Now, let's proceed to find the answer.
To determine the three-digit integer, we'll systematically check all possible combinations of digit values for X, Y, and Z, starting from X = 1 and progressing in ascending order.
We'll check each combination by substituting the values of X, Y, and Z into the equation XYZ = 4 * (X * Y * Z). If a combination satisfies the equation, we have found the number.
Let's go through the possible combinations step by step:
1. X = 1: In this case, the equation becomes 1YZ = 4 * (1 * Y * Z). Since the left side of the equation is always less than or equal to 199 (1YZ), it is impossible for the right side to be equal to 199 or more. Thus, X cannot be 1.
2. X = 2: Now, the equation becomes 2YZ = 4 * (2 * Y * Z). Dividing both sides by 2, we have YZ = 2 * Y * Z. By multiplying two distinct digits by 2, the maximum value we can attain is 18. Therefore, it's impossible for the right side to be equal to or greater than 100. So, X cannot be 2.
3. X = 3: Substituting X = 3 in the equation, we get 3YZ = 4 * (3 * Y * Z). Dividing by 3, we have YZ = 4 * Y * Z. The right-hand side can have a maximum value of 36 (4 * 9 * 1), and the left-hand side is at least 300. Hence, this equation has no solution.
4. X = 4: Now, we have 4YZ = 4 * (4 * Y * Z). Dividing by 4, we get YZ = 4 * Y * Z. Again, the maximum value for the right side is 36 (4 * 9 * 1). Observing the left side, we see that it starts at 400 for Y = 1 and Z = 0. However, this does not satisfy the equation. So, X cannot be 4.
5. X = 5: Substituting X = 5 in the equation, we obtain 5YZ = 4 * (5 * Y * Z). Dividing by 5, we have YZ = 4 * Y * Z. The maximum value for the right side remains 36 (4 * 9 * 1). But, the left side starts from 500 for Y = 1, Z = 0, which doesn't satisfy the equation. Therefore, X cannot be 5.
6. X = 6: The equation turns into 6YZ = 4 * (6 * Y * Z). Dividing by 6, we get YZ = 4 * Y * Z. The maximum value for the right side is still 36 (4 * 9 * 1). However, the left side starts at 600 for Y = 1, Z = 0, which doesn't satisfy the equation. Hence, X cannot be 6.
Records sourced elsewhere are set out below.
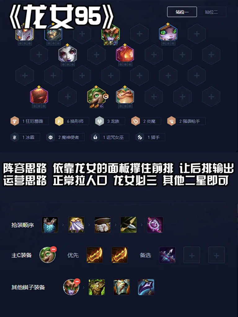 “龙女95”阵容是一套以龙女为核心的前排坦克+后排输出的阵容。通过合理的羁绊选择和装备分配以及灵活的运营思路可以在S12赛季中取得不错的上分效果。
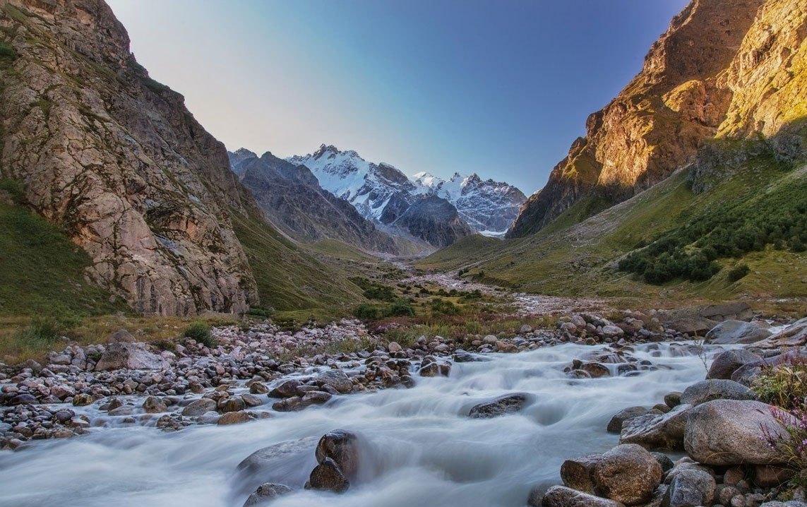 Главный Кавказский хребет здесь не просто близко, к нему можно дотронуться рукой. Приехав сюда, сразу же привлекает внимание огромная, белоснежная Безенгийская стена – это 12-километровый горный массив, самый высокий участок Главного Кавказского хребта. Из восьми «пятитысячников» Кавказа, шесть расположены в районе Безенгийского ущелья.
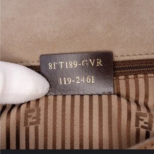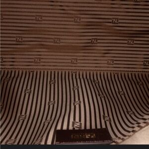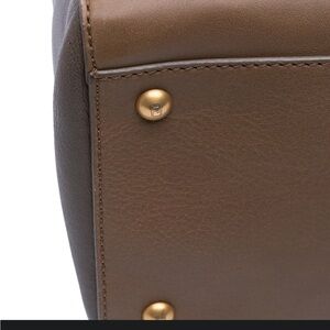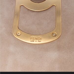 The Fendi calfskin colorblock Anna satchel is a sophisticated accessory that combines style and functionality. This satchel features a premium leather body, complemented by a flat leather top handle and a detachable flat leather strap for versatile carrying options. The front flap is secured with a magnetic snap closure, providing easy access to the interior, which includes a zip pocket for organized storage. Please note that the lining around the magnetic snap closure has been repainted. The bag is in good preowned condition and shows wear consistent with use.
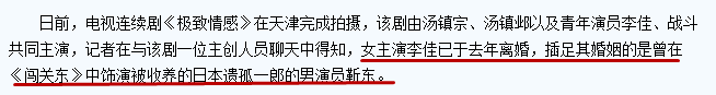 2011年4月,一篇新闻报道称李佳2010年已经离婚。报道还说李佳和靳东因为这部剧坠入爱河,导致了李佳离婚。
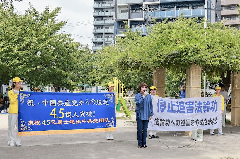 大阪市会议员木下吉信(Yoshinobu Kinoshita)在游行前的集会上发表鼓励致辞。他表示,必须让更多日本民众了解法轮功受迫害的现状。他说:“未来也会一直支持这一活动,希望有一天学员们的努力能够结出硕果,终结迫害,大家都能自由自在的修炼,并一起举杯庆祝这个伟大的时刻。”
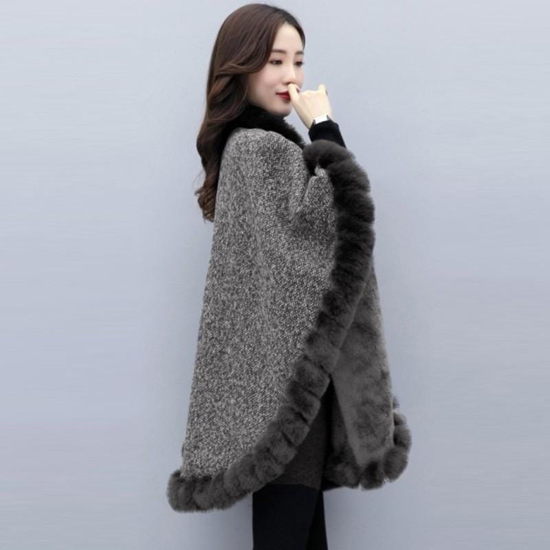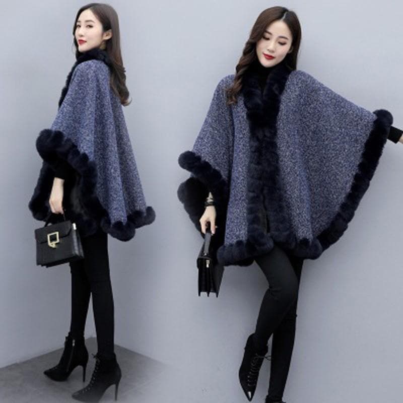 新品 大人気 ケープコート チュニック丈 冬 レディース ファー トップス 膝上 裏起毛 ビッグシルエット ゆったり 体型カバー 防寒 秋 ポンチョ
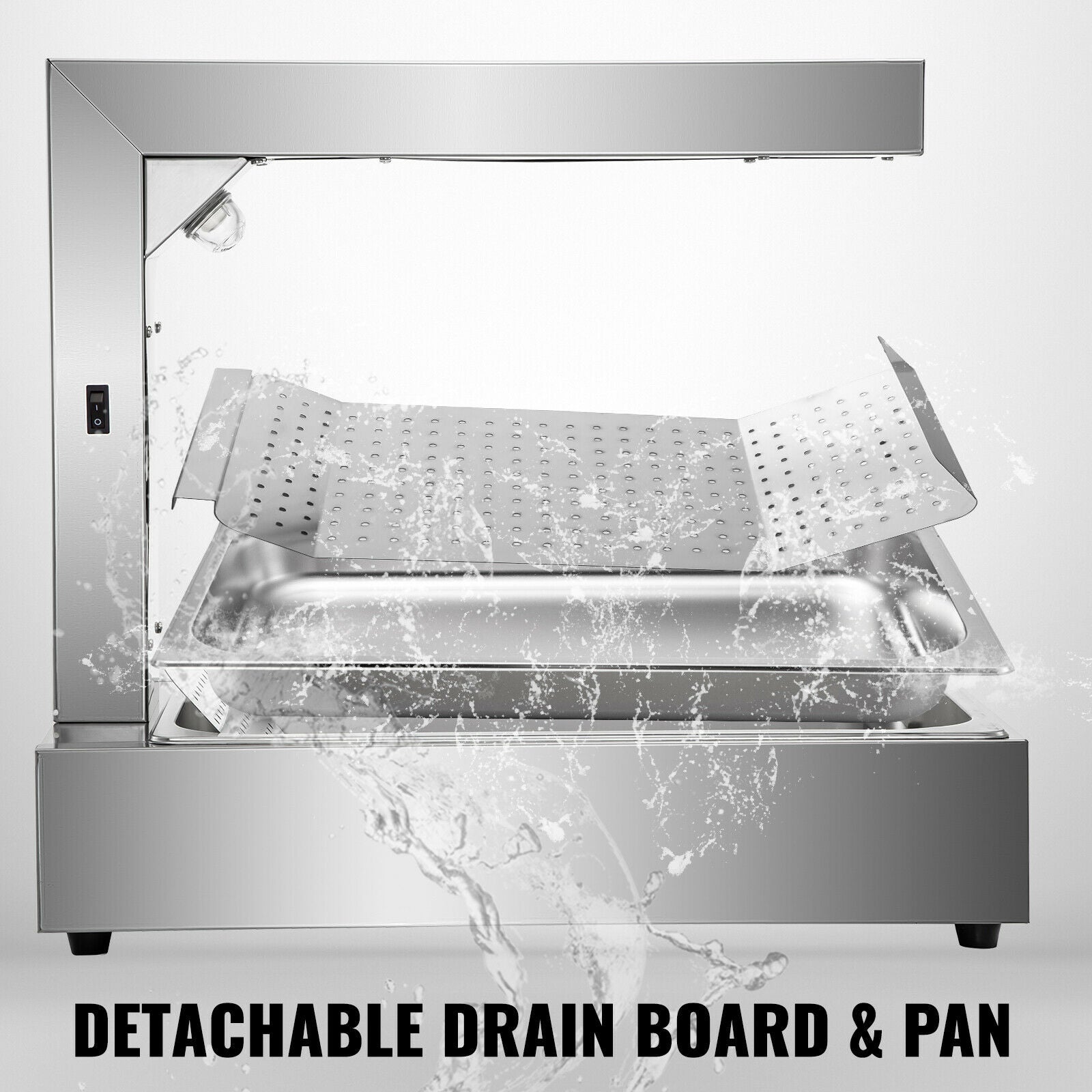 - WASHABLE DRAINBOARD & DRIP PAN - The base of the food heat lamp warmer holds a food-grade stainless steel food pan, 20.7"x12.8"x2.6" (525x325x65 mm) in dimensions, including a bent perforated drainboard for excess grease drainage. They are all detachable for convenient cleaning.
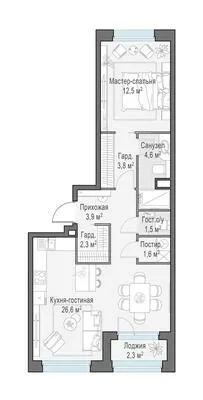 Продажа 3-комнатной квартиры № 1, 62.4 кв.м, этаж 12/12 в Жилые кварталы «Белый Град»

7. X = 7: Substituting X = 7 in the equation, we obtain 7YZ = 4 * (7 * Y * Z). Dividing by 7, we have YZ = 4 * Y * Z. The maximum value for the right side is 112 (4 * 7 * 4). The left side starts at 700 for Y = 1, Z = 0, which satisfies the equation YZ = 28. Thus, the integer in question is 728.
Therefore, the positive three-digit integer that is four times the product of its digits is 728.